Ovviamente in tutta questa trattazione resta un ultimo elefante nella stanza, ovvero la questione più strettamente legata ai reali contenuti del Jcpoa: il pericolo di proliferazione  nucleare. A questo proposito, vale la pena sottolineare che anche con l’accordo in vigore le maggiori potenze dell’area come Arabia Saudita, Eau e Turchia hanno già iniziato a dotarsi di un programma nucleare. Programmi di nucleare “civile”, per ora, ma che potrebbero in futuro trasformarsi nel trampolino di lancio per lo sviluppo della bomba vera e propria.

Nel frattempo, dal canto suo, difficilmente l’Iran correrebbe a riprendere immediatamente il proprio programma militare appena stracciato l’accordo. Tutti gli occhi ora sono puntati su Teheran e sulle sue centrali, compresi quelli ostili e molto armati di Israele e Usa. È anzi assai probabile che almeno nel breve termine la leadership iraniana accetti una eventuale proposta europea per mantenere in piedi l’accordo nonostante il ritiro degli Stati Uniti.

È però facile immaginare che una ripresa dei progetti militari possa avvenire nei prossimi anni, soprattutto se dovesse persistere l’attuale alto stato di tensione e insicurezza. Insomma, la fine del Jcpoa aggraverebbe indubbiamente i rischi di una proliferazione nucleare in Medio Oriente. Una proliferazione, vale però la pena di ricordarlo, che finora è proseguita comunque in slow motion e che avrebbe potuto riprendere ugualmente una volta che l’accordo fosse giunto alla sua scadenza naturale. 

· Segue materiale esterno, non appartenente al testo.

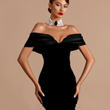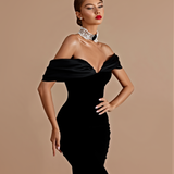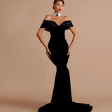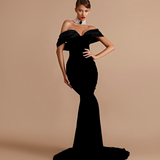 Long Dress Off the shoulder Sleeveless Fitted Waist Mermaid Silhouette Model is wearing a size S- $1,166.00
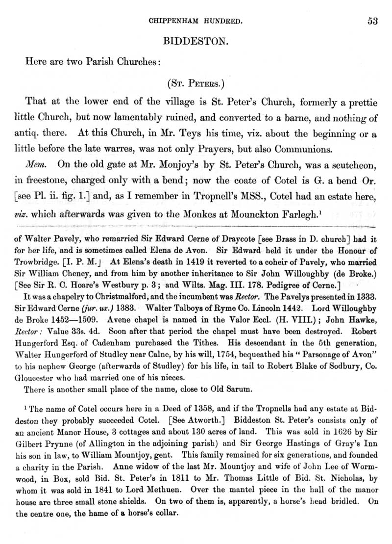 Page 8 History of the hamlet of Avon (Bremhill). History of Biddestone, church of St. Peter.
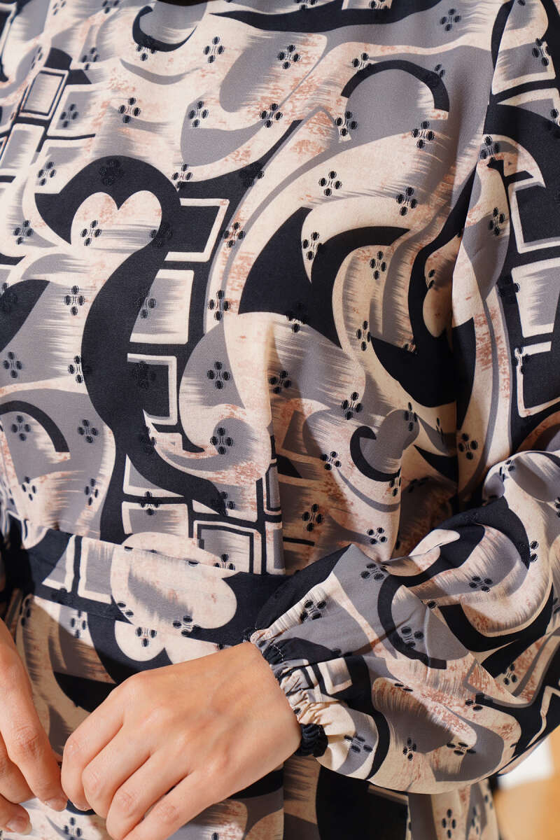 Bisiklet Yaka Uzun Kol Desenli Pijama Takımı Latte

Ovviamente la storia non si fa coi ma e coi se, ma è utile cercare di vedere certi dibattiti in prospettiva, soprattutto se sono in parte fuorviati da approcci ideologici come spesso accade quando si parla di Medio Oriente. E a differenza di ciò che sostengono sia detrattori che gli estimatori dell’accordo, Il ritiro degli Stati Uniti dal Jcpoa non dovrebbe avere grandi effetti sulla politica mediorientale, almeno nel breve e medio termine; tutto, purtroppo, continuerà come negli ultimi anni.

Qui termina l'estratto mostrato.